There is not any difference the suspension from RS to standard of the same trim package. If it works on an Lt it'll work on a lt RS


----------



## RobJobCornontheCob (May 16, 2016)

So are the rear beams different for the LT and LTZ models? I take it for rear drum versus disc brake setup?


----------



## RobJobCornontheCob (May 16, 2016)

Also, any recommendations? People seem to be head-over-heals for Eibachs. H&R and some other brands are coming up as options from my search. Seems only tow adjustment is needed to run with stock dampers w/ little to no tire wear?


----------



## Merc6 (Jun 8, 2013)

170-3tree said:


> There is not any difference the suspension from RS to standard of the same trim package. If it works on an Lt it'll work on a lt RS


RS and Eco springs are lower and for that reason springs like H&R won't drop the car.




RobJobCornontheCob said:


> Also, any recommendations? People seem to be head-over-heals for Eibachs. H&R and some other brands are coming up as options from my search. Seems only tow adjustment is needed to run with stock dampers w/ little to no tire wear?


 H&R will raise the height of your RS Cruze. They are marked not for RS.


----------



## anthonysmith93 (Jul 15, 2015)

Yes ^ if you have an RS and want to go lower, MUST get Eibach or coilovers


----------



## RobJobCornontheCob (May 16, 2016)

Merc6 said:


> RS and Eco springs are lower and for that reason springs like H&R won't drop the car.
> 
> 
> 
> H&R will raise the height of your RS Cruze. They are marked not for RS.

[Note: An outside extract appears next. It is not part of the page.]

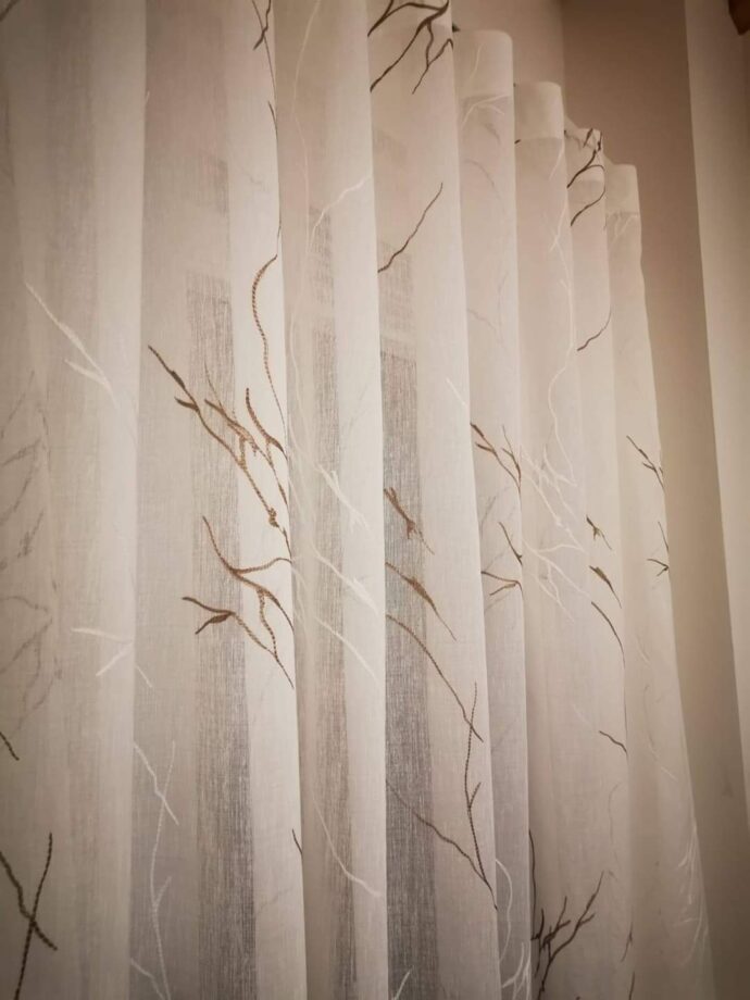 Il disegno regolare del ricamo aggiunge un tocco di ritmo visivo, mantenendo uno stile sobrio e sofisticato. Ideale per salotti, camere da letto o ambienti contract, questo tessuto valorizza la luce naturale e si adatta con eleganza a ogni contesto.
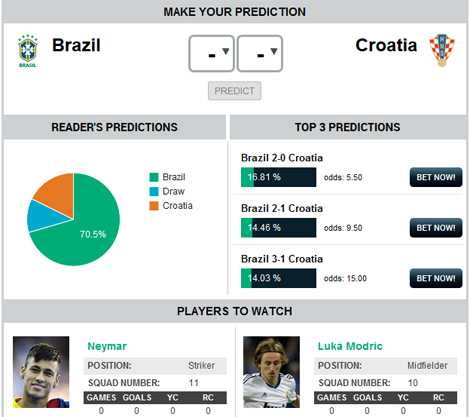 | Tỷ lệ dự đoán trên Goal.com, tính đến 8h30 ngày 12/6 |

That being said, I'd assume I'd get closer to 0.8" drop then, not 1.5" that people are claiming.


----------



## pgthe1 (Mar 14, 2016)

RobJobCornontheCob said:


> That being said, I'd assume I'd get closer to 0.8" drop then, not 1.5" that people are claiming.


Bump for someone who knows the answer... I'd also like to know lol.


----------